The Institute for Security Studies (ISS) welcomes the appointment of an experienced police officer as the new national commissioner. Lt-General Khehla Sithole has a difficult task ahead of him to professionalise the South African Police Service (SAPS) and tackle serious violent crime that is plaguing the country at the moment.
Sithole has the kind of track record that should be required of national police commissioner candidates, and currently there are no allegations that suggest he lacks the integrity, skills or expertise for the powerful post of SAPS National Commissioner.
The ISS and Corruption Watch have been calling for stricter criteria and a transparent appointment process, as laid out by the National Development Plan.
‘While we welcome an experienced police officer to lead the SAPS, the fact that we do not have the benefit of a rigorous appointment process leaves South Africans at the mercy of President Zuma’s judgement – for which the track record is not great,’ said Gareth Newham, head of Justice and Violence Prevention at the ISS.

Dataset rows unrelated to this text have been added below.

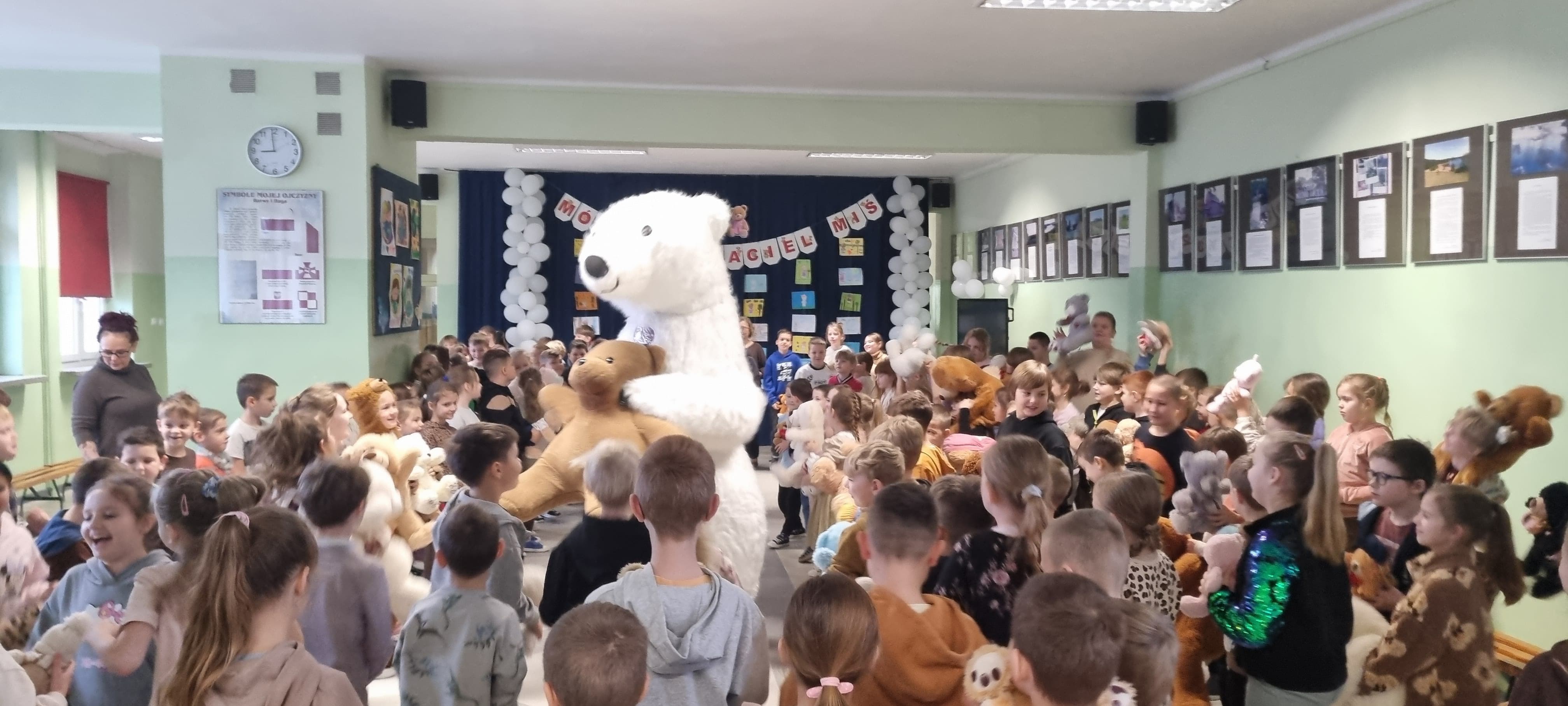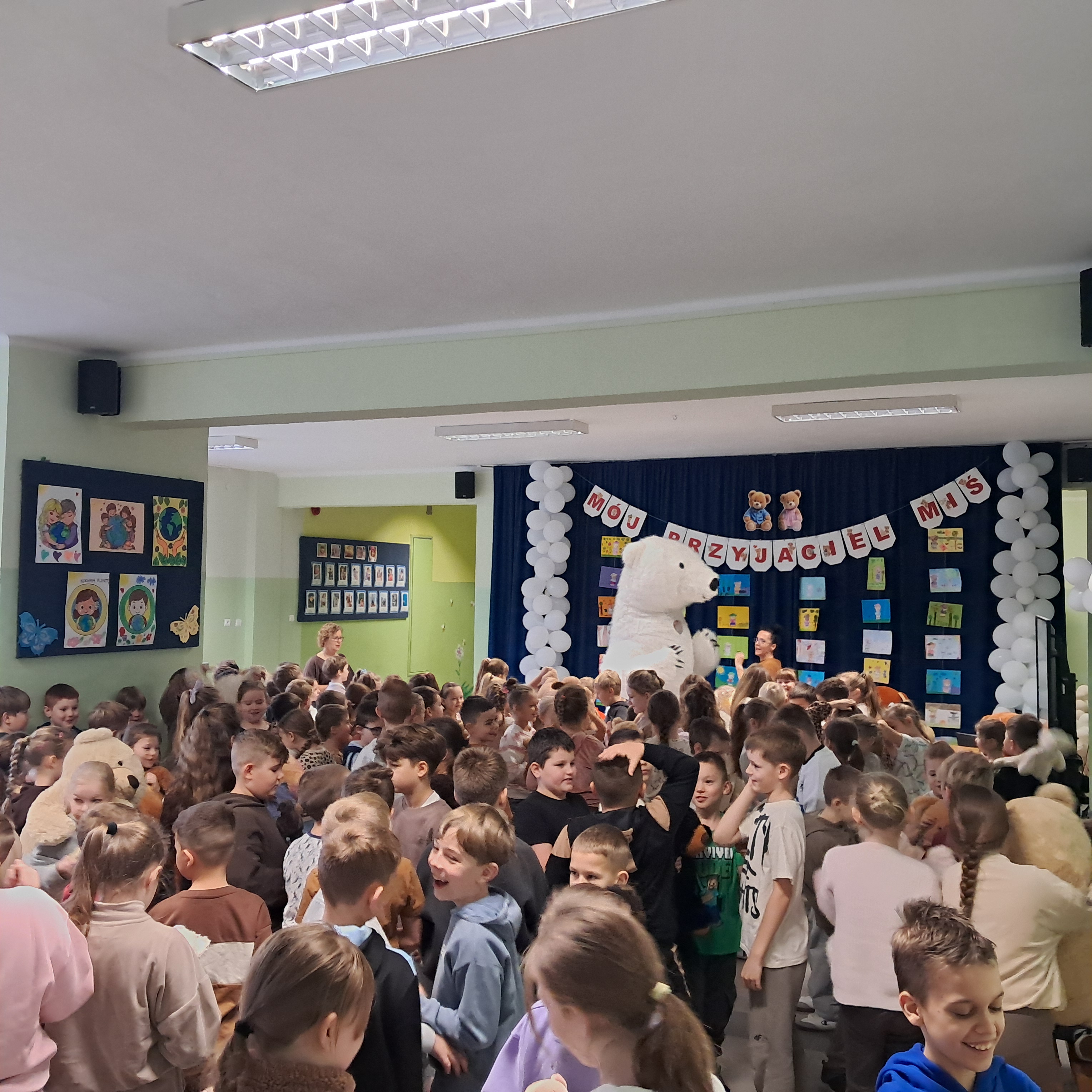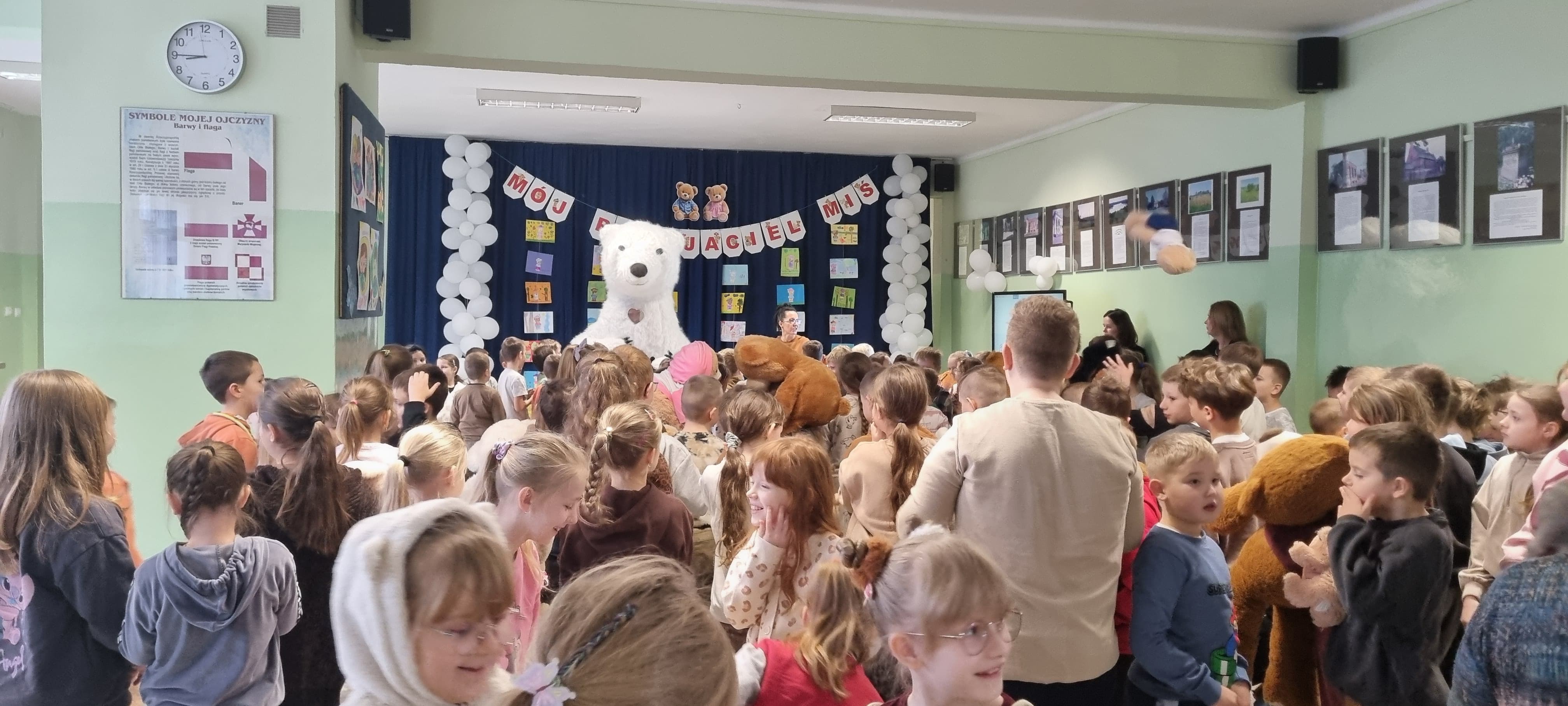 Dziś w naszej szkole było naprawdę misiowo! Obchodziliśmy Dzień Pluszowego Misia i odwiedził nas wyjątkowy gość — Miś z Alei Marzeń. Machając łapką i przytulając uczniów klas 1–3, zapraszał do wspólnej zabawy i radosnego świętowania. Przybijał uczniom „piątki”, pozował do zdjęć i siał radość wszędzie tam, gdzie się pojawił.W rytmie wesołej misiowej muzyki uczniowie tańczyli, tworzyli kolorowy korowód prowadzony przez Misia, a ich pluszaki dumnie maszerowały razem z nimi. Każde dziecko otrzymało też słodki upominek — pyszne ciasteczko Lubisia, które dodało energii do dalszego misiowania.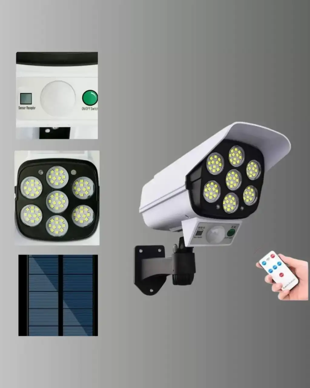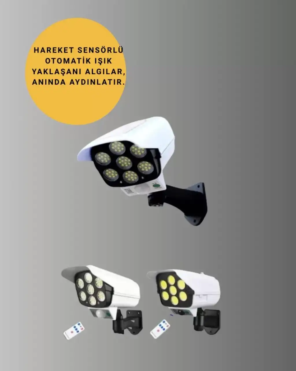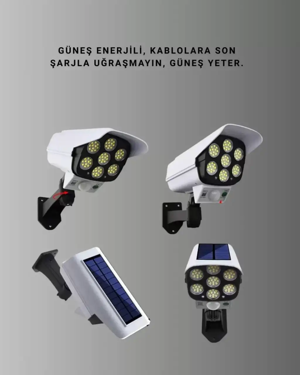 Bu 2’si 1 arada güneş enerjili dış mekân lambası, 77 LED ışık kaynağı ve güvenlik kamerası tasarımıyla hem aydınlatma hem de caydırıcı güvenlik çözümü sunar. Gün boyunca entegre polisilikon güneş paneli (5.5V / 300mA) sayesinde enerjisini güneşten alır, akşamları ise dahili 2400mAh kapasitesindeki çift 18650 lityum pil ile kesintisiz aydınlatma sağlar. 8 ila 10 saate kadar aralıksız çalışabilen güçlü bataryasıyla evinizin çevresinde güvenliği artırır.77 adet yüksek parlaklık sağlayan SMD LED boncuğu ile geniş bir alanı aydınlatabilen bu lamba, özellikle bahçe, garaj, sundurma, giriş kapısı ve yürüyüş yolları için idealdir. Ürün, farklı ihtiyaçlara uygun olarak seçilebilecek 3 farklı akıllı aydınlatma moduna sahiptir: Işık kapalıyken sadece kırmızı ışık yanar, hareket algılandığında güçlü beyaz ışık açılır. Sürekli zayıf ışık açık kalır, hareket algılandığında yüksek parlaklığa geçer. Her zaman açık modda beyaz ışık sabit yanar ve kırmızı uyarı ışığı da çalışır.Dahili PIR hareket sensörü, 120° algılama açısında 5–8 metre mesafeye kadar insan hareketlerini tespit edebilir. Sensör, hareket algılandığında ışığı otomatik olarak yakar ve 20 saniye sonra tekrar kapatır.Sağlam ve hafif yapılı (431g) bu ürün, kaliteli PVC + PC malzemeden üretilmiştir. IP65 su geçirmezlik derecesi sayesinde yağmur, kar ve toz gibi zorlu dış hava koşullarında bile performansından ödün vermez. Lambanın ve güneş panelinin yönü kolayca ayarlanabilir, bu da optimum güneş alma ve ışık yönlendirme açısını kullanıcıya bırakır.Kurulumu oldukça kolaydır. Kablolama gerekmeden, sadece vida ile sabitleyerek kullanıma hazır hâle gelir. Şehir elektriğine ihtiyaç duymadan, çevre dostu bir şekilde enerji üretir ve kullanır.Ürün Teknik Özellikleri: Güneş Paneli: 5.5V / 300mA polisilikon Pil: 2 x 18650 lityum (3.7V 1200mAh) – Toplam 2400mAh Işık Kaynağı: 77 SMD LED Malzeme: PVC + PC Renk Sıcaklığı: Beyaz Algılama Mesafesi: 5–8 metre Algılama Açısı: 120° Aydınlatma Süresi: 8–10 saat İndüksiyon Süresi: 20 saniye Ağırlık: 431g Renk: Beyaz gövde, beyaz ışık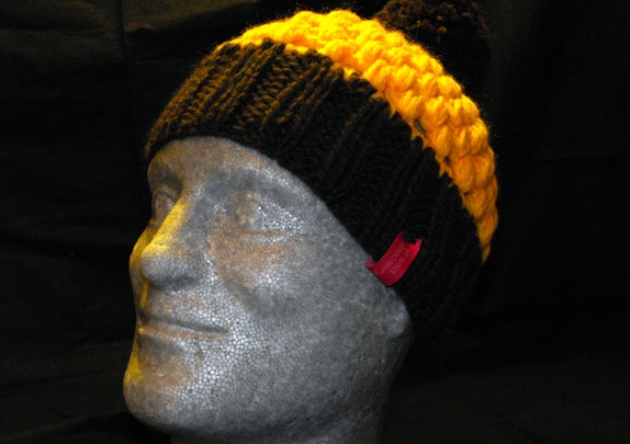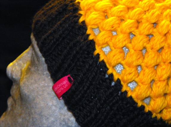 Hekla og strikka hue i to ulike fargar, laga i 100% ull. Eg lagar dei i dei fleste fargar, så berre ta kontakt, dersom du har spesielle ynskjer.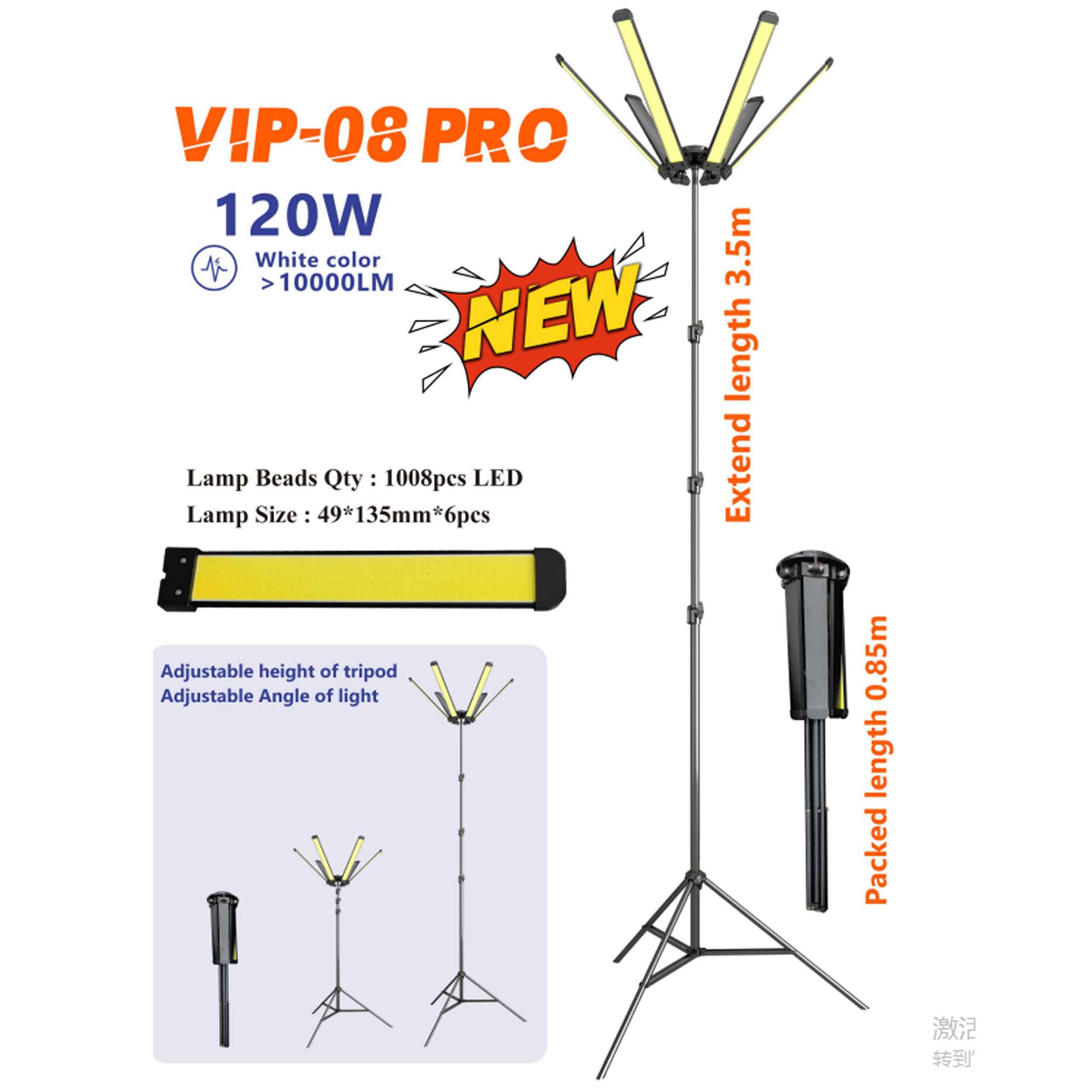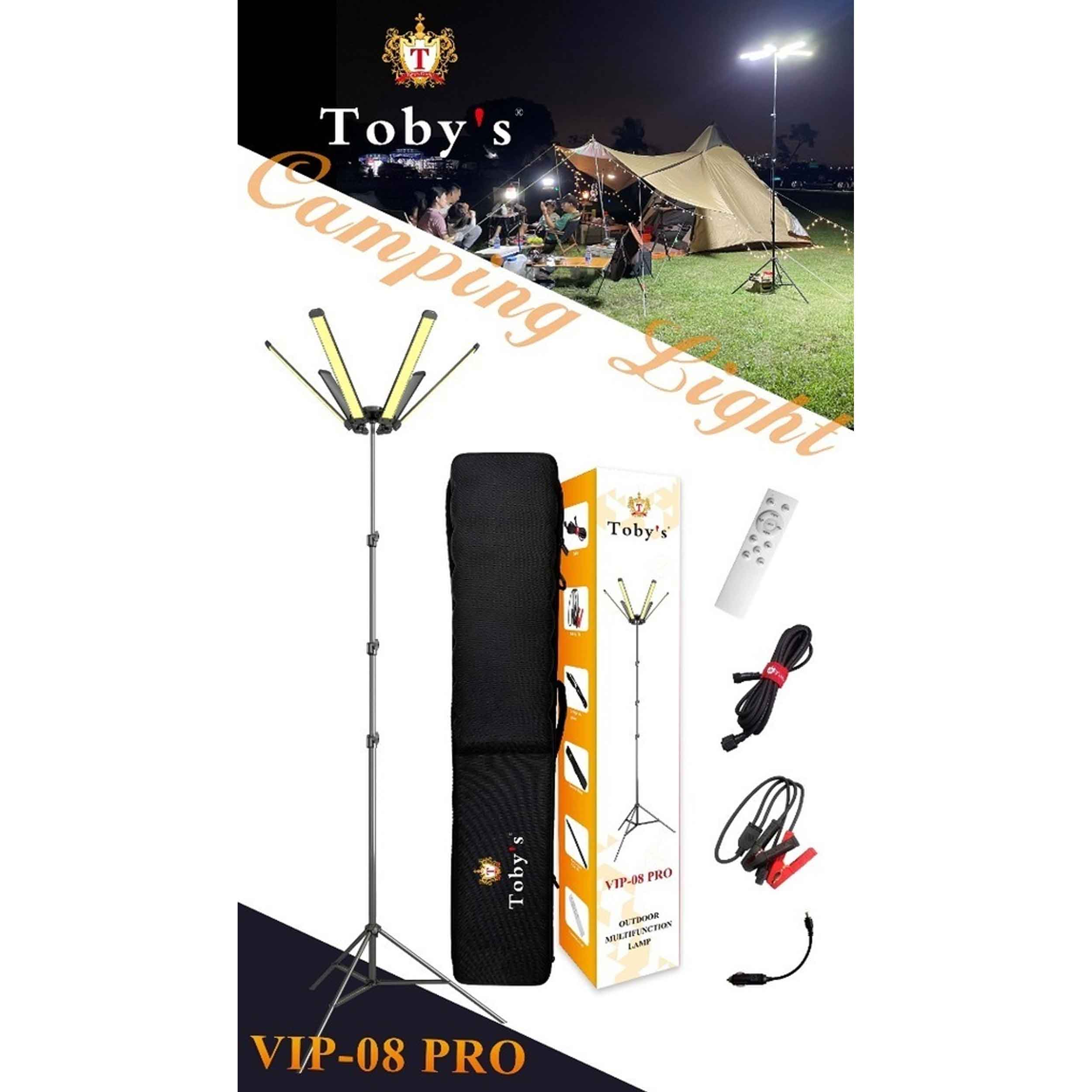 چراغ کمپینگ توبیز مدل وی آی پی 08 پرو یک محصول پر طرفدار از برند TOBY’s با بهترین امکانات و ویژگی ها و مشخصات فنی در بین لامپ های کمپ است. این محصول با پایه قابل تنظیم 3.5 متری، نور را توسط 6 عدد پنل LED بزرگ در شش جهت مختلف انتشار میدهد. ابعاد هر پنل 49×135 میلی متر است و هرکدام از آنها به صورت مستقل با هر زاویه ای قابل تنظیم تابش نور هستند.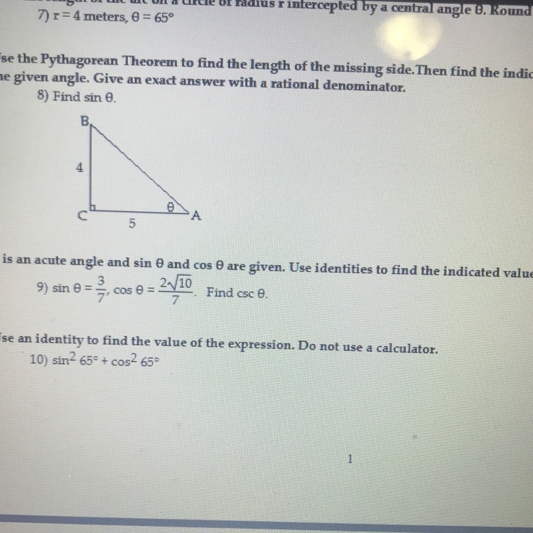 OK. Problem 9 gives you the sine and cosine of θ and wants you to determine the cosecant of θ. In order to do this, you need to remember the definition of cosecant which is simply the reciprocal of the sine. Since the sine of θ is 3/7, that means that the cosecant of θ is 7/3.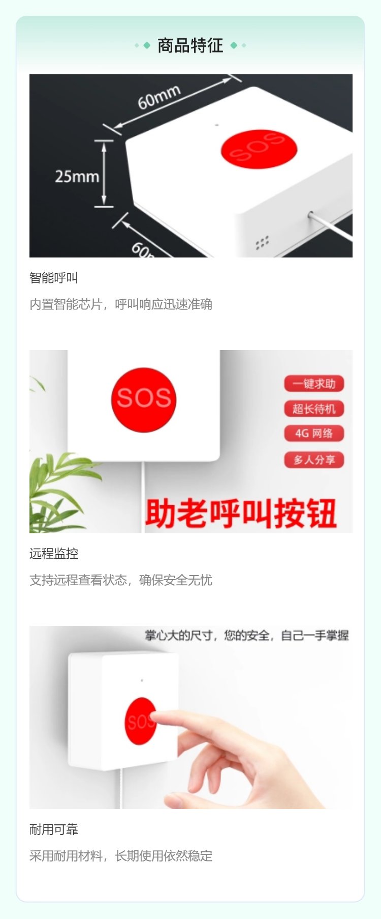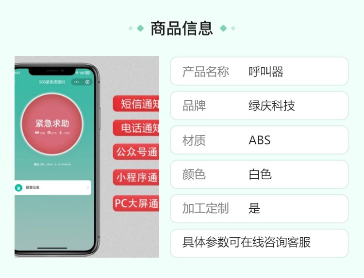 SOS一键报警求助绿庆科技ABS白色无线呼叫器高效服务呼叫系统

‘South Africans will once again find out through experience whether their new police chief has the qualities required to lead and protect – a process which has cost the country dearly for the last decade.’
President Jacob Zuma and Lt-General Khehla Sithole
Sithole’s first test will be how he tackles individuals within the SAPS who bring the institution’s reputation into disrepute. An urgent priority is to clean out the upper echelons of the SAPS of people who have been irregularly appointed or who need to respond to evidence of serious misconduct and criminality.
A key indicator of whether this is happening or not is if Sithole ensures an independent disciplinary inquiry is completed against disgraced Lt-General Richard Mdluli as a matter of urgency. Mdluli has cost the tax payer millions of Rands while on suspension – with full pay and benefits – due to the various criminal trials against him.
To provide the more than 194 000 men and women employed in the SAPS with the necessary training, resources and strategic guidance, Sithole will have to act with speed to implement the audit of senior police commanders as required by the National Development Plan.
This is the only way he will be surrounded by highly experienced commanders of integrity that can support him to improve policing. Sithole will also have to withstand the massive political pressure that will be brought to bear on him to interfere in investigations against powerful political and business interests.
Nevertheless, the ISS wishes Sithole well and will support him in his difficult tasks of improving policing, reducing violent crime and corruption, and withstanding the intense political interference he is bound to experience.
The leadership crisis in South Africa, identified by the National Development Plan, is echoed in the intelligence community. The Hawks leadership position is currently vacant. This position is filled at the behest of Police Minister Fikile Mbalula, and as things stand, no procedural transparency is required for this position either.